▶ ASSIGNMENT: The required result is an exact copy of the lines from the one containing "Само собой, будет" to the last line of the records, both ends included, without pictures.

(Collection entries)
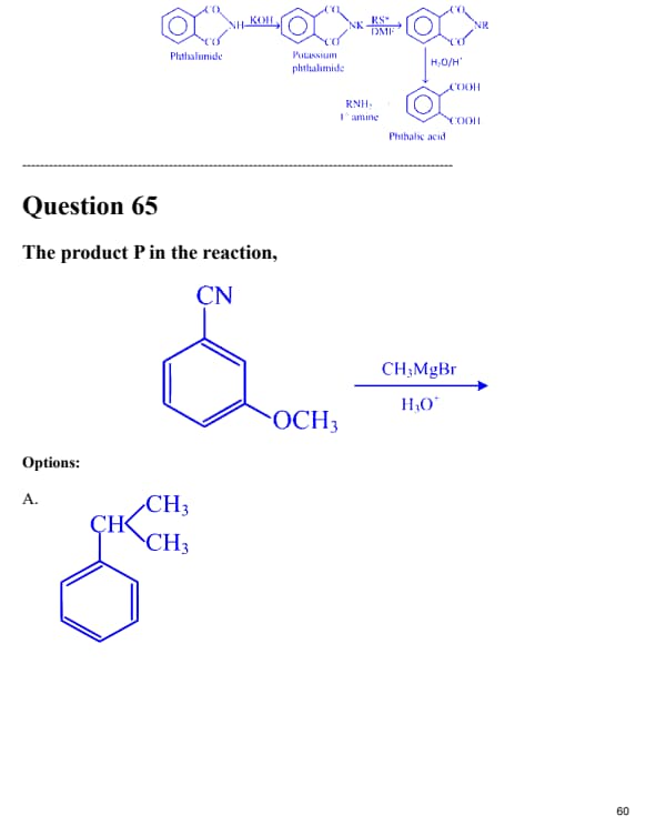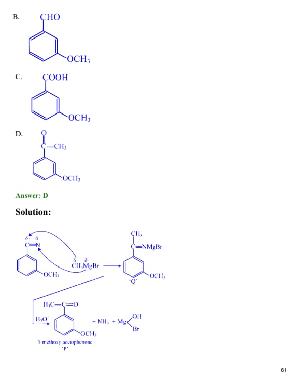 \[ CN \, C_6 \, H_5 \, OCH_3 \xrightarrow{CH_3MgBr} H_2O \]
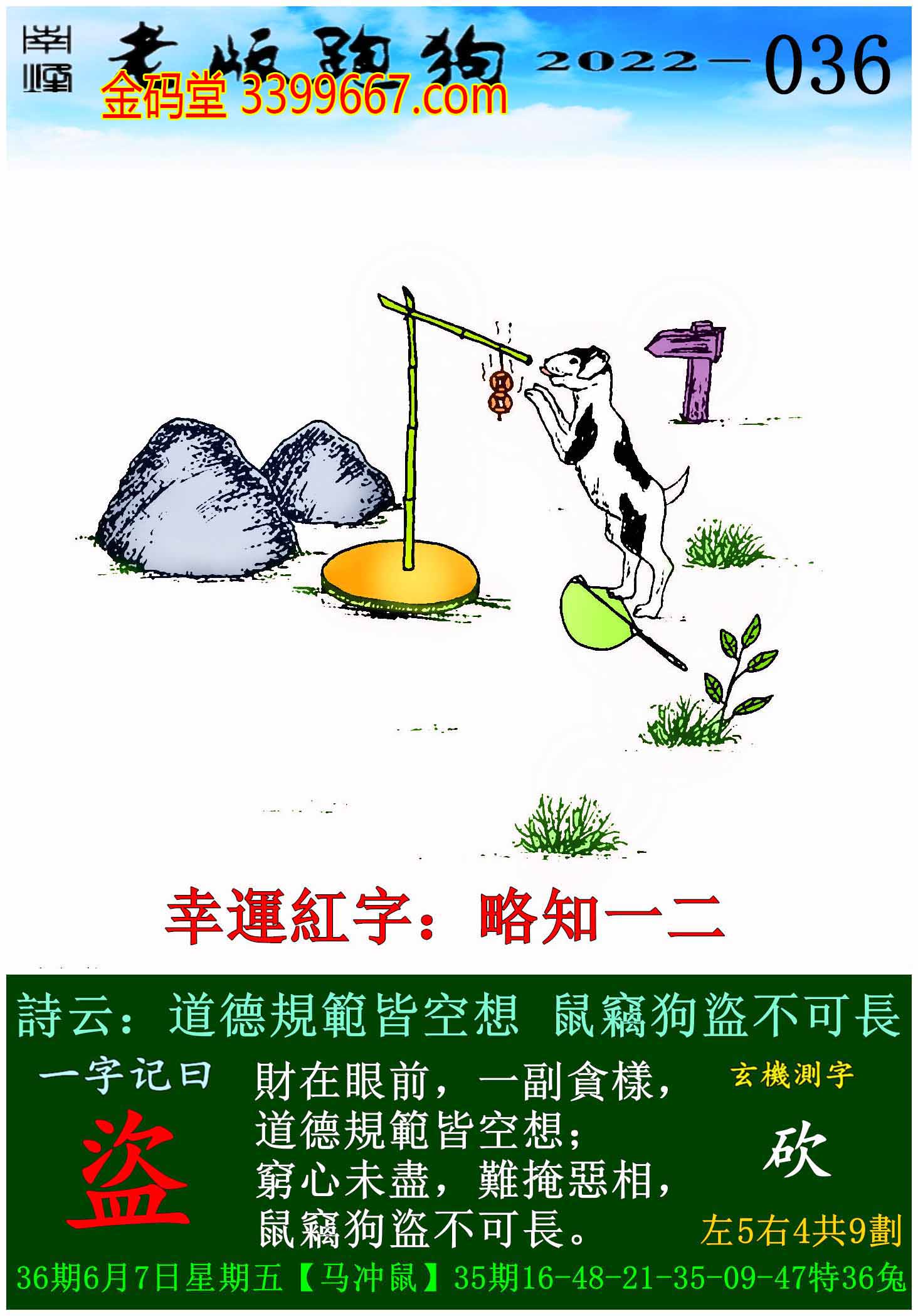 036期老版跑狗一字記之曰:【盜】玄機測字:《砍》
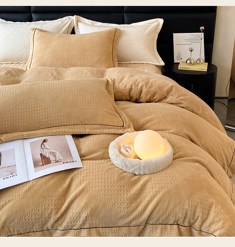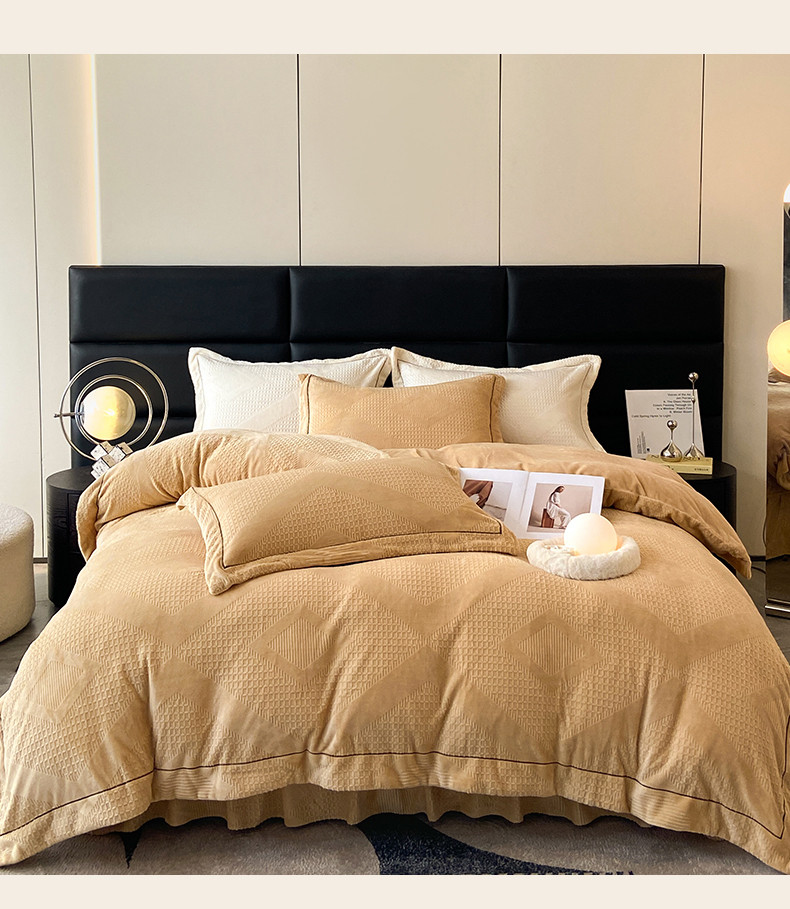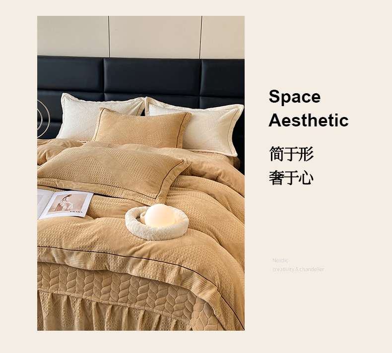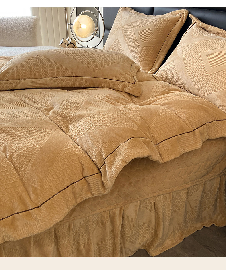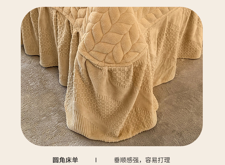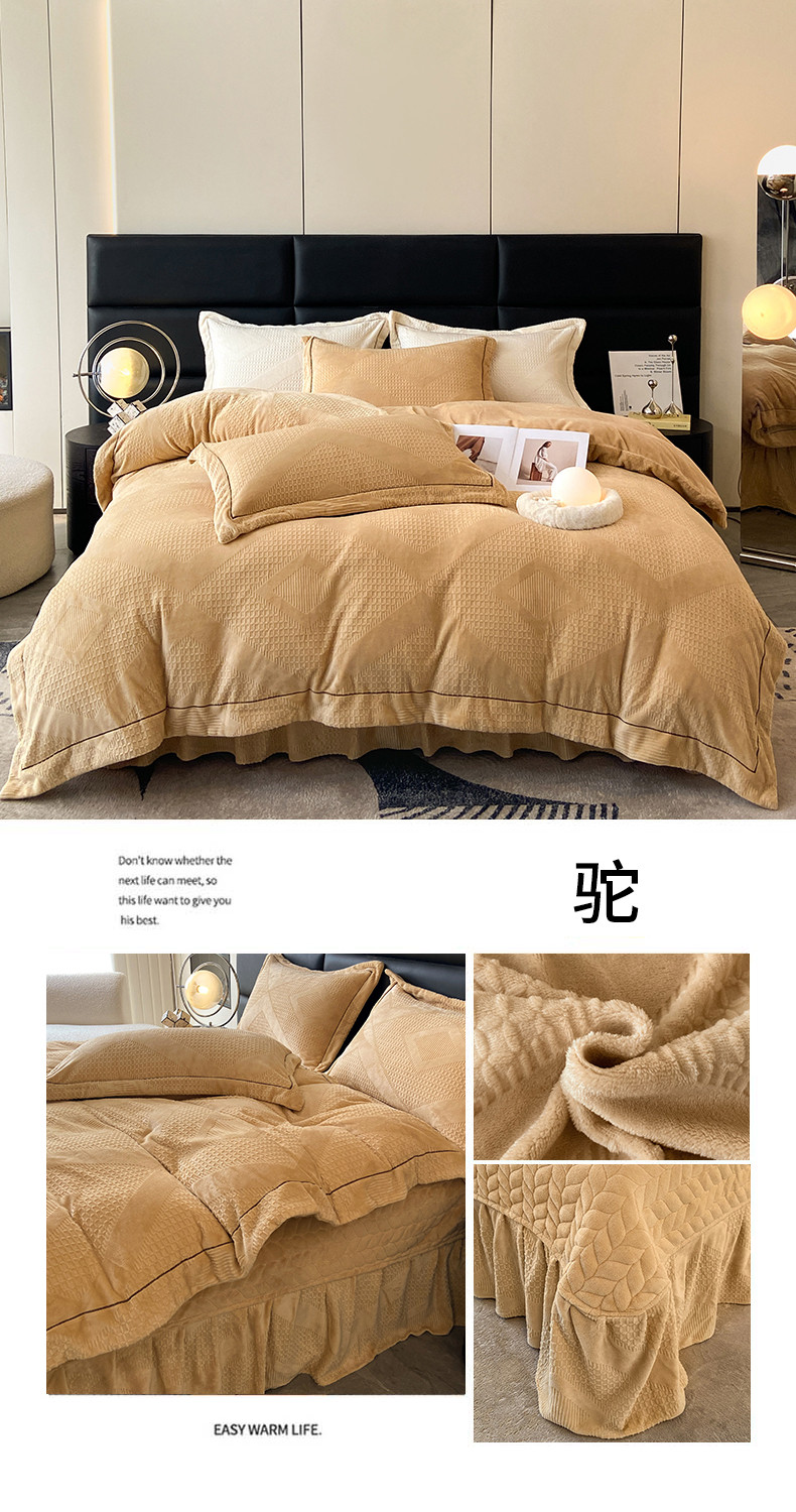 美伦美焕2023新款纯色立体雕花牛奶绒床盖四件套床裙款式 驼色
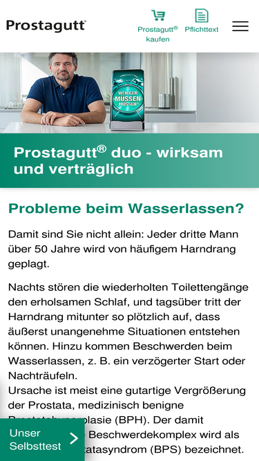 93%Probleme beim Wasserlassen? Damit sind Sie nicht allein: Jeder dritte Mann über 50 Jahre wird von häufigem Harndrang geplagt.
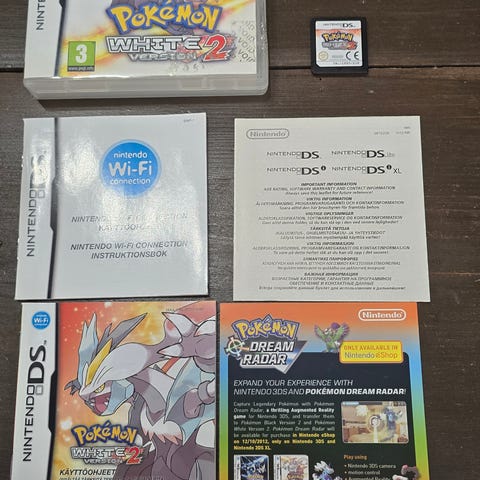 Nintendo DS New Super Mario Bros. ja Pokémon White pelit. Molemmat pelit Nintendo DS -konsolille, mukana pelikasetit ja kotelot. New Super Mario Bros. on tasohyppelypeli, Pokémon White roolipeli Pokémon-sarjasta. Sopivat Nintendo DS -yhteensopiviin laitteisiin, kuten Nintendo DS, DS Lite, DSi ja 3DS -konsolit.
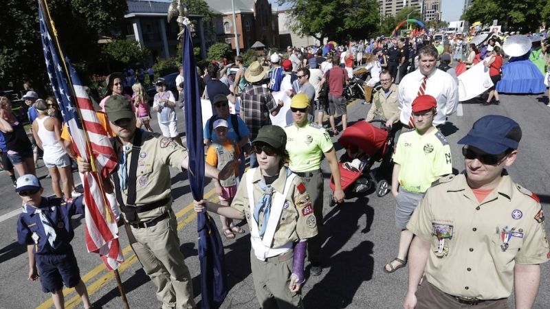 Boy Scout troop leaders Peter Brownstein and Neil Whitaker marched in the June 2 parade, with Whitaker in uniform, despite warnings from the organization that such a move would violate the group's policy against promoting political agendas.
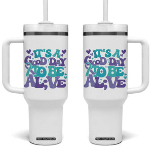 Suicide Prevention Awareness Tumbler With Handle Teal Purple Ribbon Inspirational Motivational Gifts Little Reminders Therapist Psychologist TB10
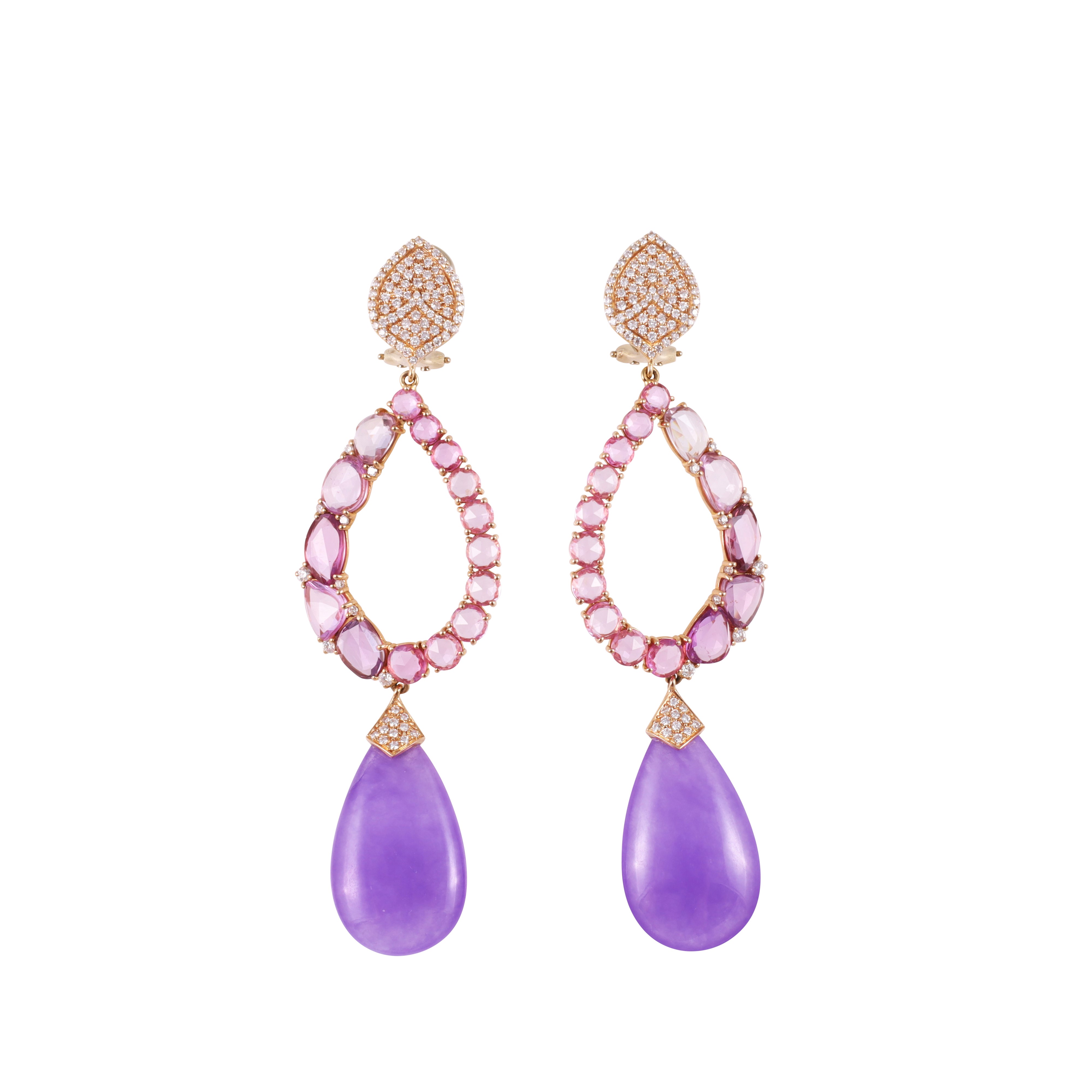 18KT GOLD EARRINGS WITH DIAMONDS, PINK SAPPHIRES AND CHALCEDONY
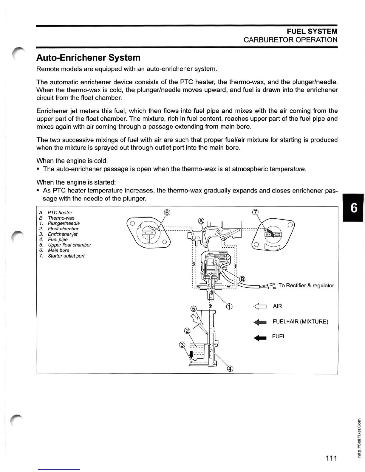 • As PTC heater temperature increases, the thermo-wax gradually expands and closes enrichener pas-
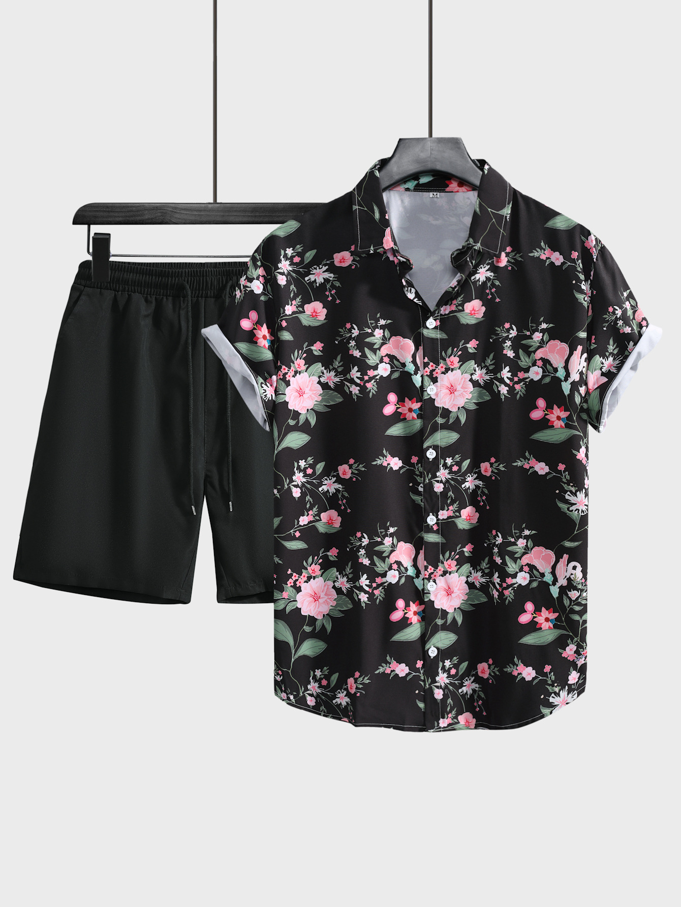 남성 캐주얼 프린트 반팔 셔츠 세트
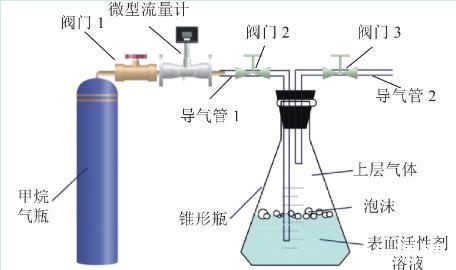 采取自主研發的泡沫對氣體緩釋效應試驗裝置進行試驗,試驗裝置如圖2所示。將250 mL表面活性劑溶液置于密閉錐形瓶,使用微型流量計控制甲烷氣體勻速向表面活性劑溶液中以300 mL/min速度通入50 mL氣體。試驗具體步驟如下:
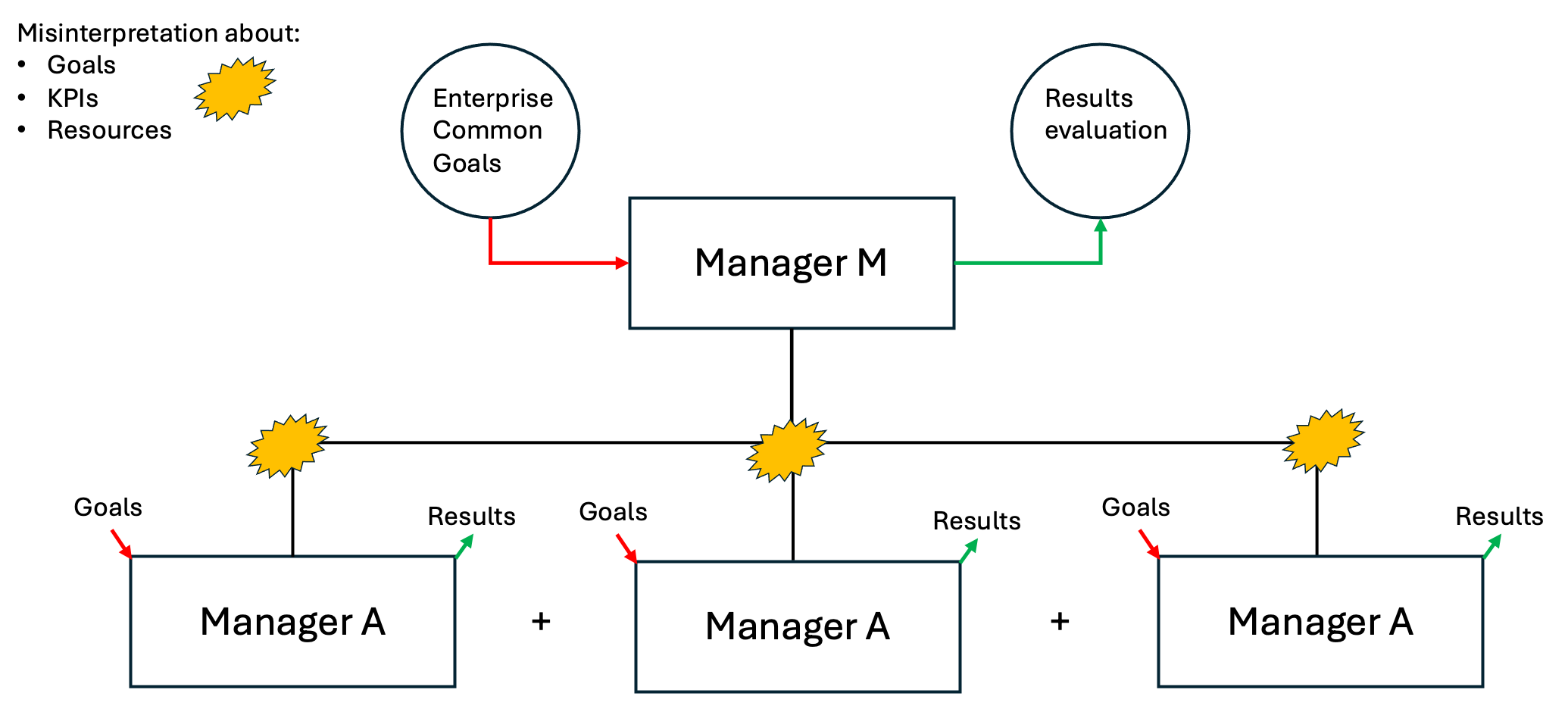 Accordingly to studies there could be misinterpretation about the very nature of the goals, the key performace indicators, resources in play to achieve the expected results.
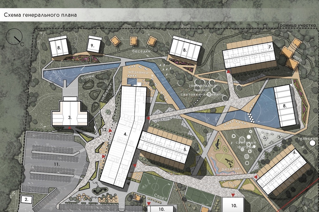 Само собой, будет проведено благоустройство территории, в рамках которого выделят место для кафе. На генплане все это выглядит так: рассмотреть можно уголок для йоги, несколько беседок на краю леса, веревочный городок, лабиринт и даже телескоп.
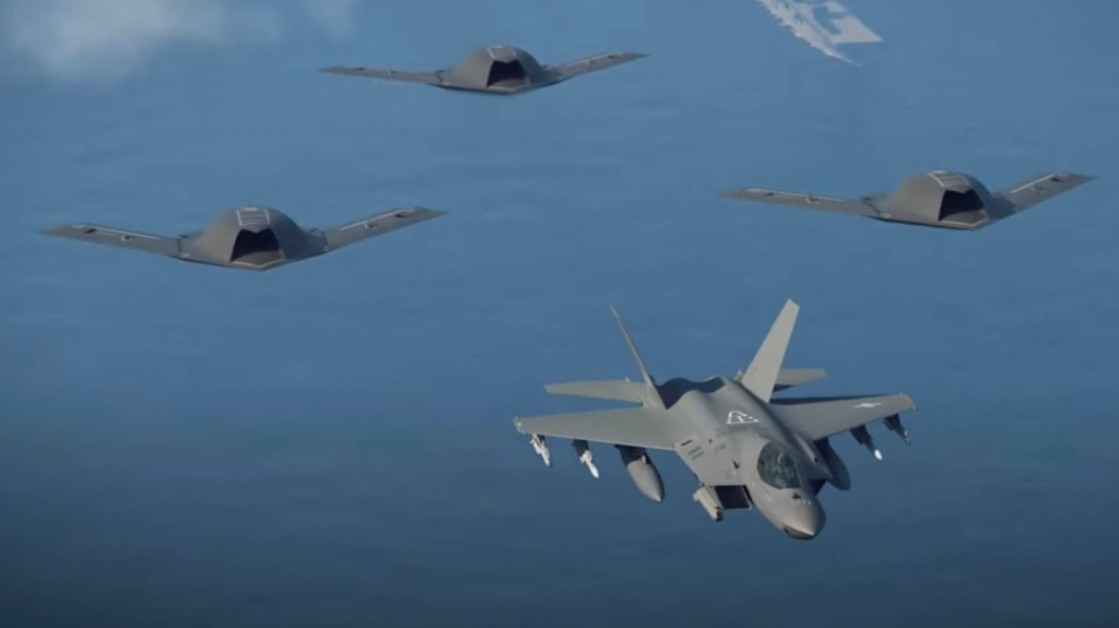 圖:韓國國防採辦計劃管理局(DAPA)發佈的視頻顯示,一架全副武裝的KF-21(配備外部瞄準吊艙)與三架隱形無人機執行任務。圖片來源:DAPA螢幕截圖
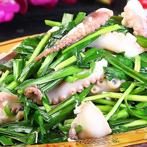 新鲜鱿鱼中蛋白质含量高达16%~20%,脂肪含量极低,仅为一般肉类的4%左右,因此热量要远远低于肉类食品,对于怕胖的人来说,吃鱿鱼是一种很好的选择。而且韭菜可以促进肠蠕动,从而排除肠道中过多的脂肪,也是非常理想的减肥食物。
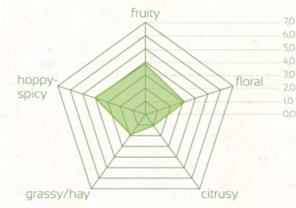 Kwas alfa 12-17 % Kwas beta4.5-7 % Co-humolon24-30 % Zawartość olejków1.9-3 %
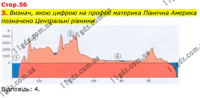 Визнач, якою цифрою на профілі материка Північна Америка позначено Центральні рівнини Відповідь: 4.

▶ SOLUTION FOR THIS EXERCISE:
 Само собой, будет проведено благоустройство территории, в рамках которого выделят место для кафе. На генплане все это выглядит так: рассмотреть можно уголок для йоги, несколько беседок на краю леса, веревочный городок, лабиринт и даже телескоп.
 圖:韓國國防採辦計劃管理局(DAPA)發佈的視頻顯示,一架全副武裝的KF-21(配備外部瞄準吊艙)與三架隱形無人機執行任務。圖片來源:DAPA螢幕截圖
 新鲜鱿鱼中蛋白质含量高达16%~20%,脂肪含量极低,仅为一般肉类的4%左右,因此热量要远远低于肉类食品,对于怕胖的人来说,吃鱿鱼是一种很好的选择。而且韭菜可以促进肠蠕动,从而排除肠道中过多的脂肪,也是非常理想的减肥食物。
 Kwas alfa 12-17 % Kwas beta4.5-7 % Co-humolon24-30 % Zawartość olejków1.9-3 %
 Визнач, якою цифрою на профілі материка Північна Америка позначено Центральні рівнини Відповідь: 4.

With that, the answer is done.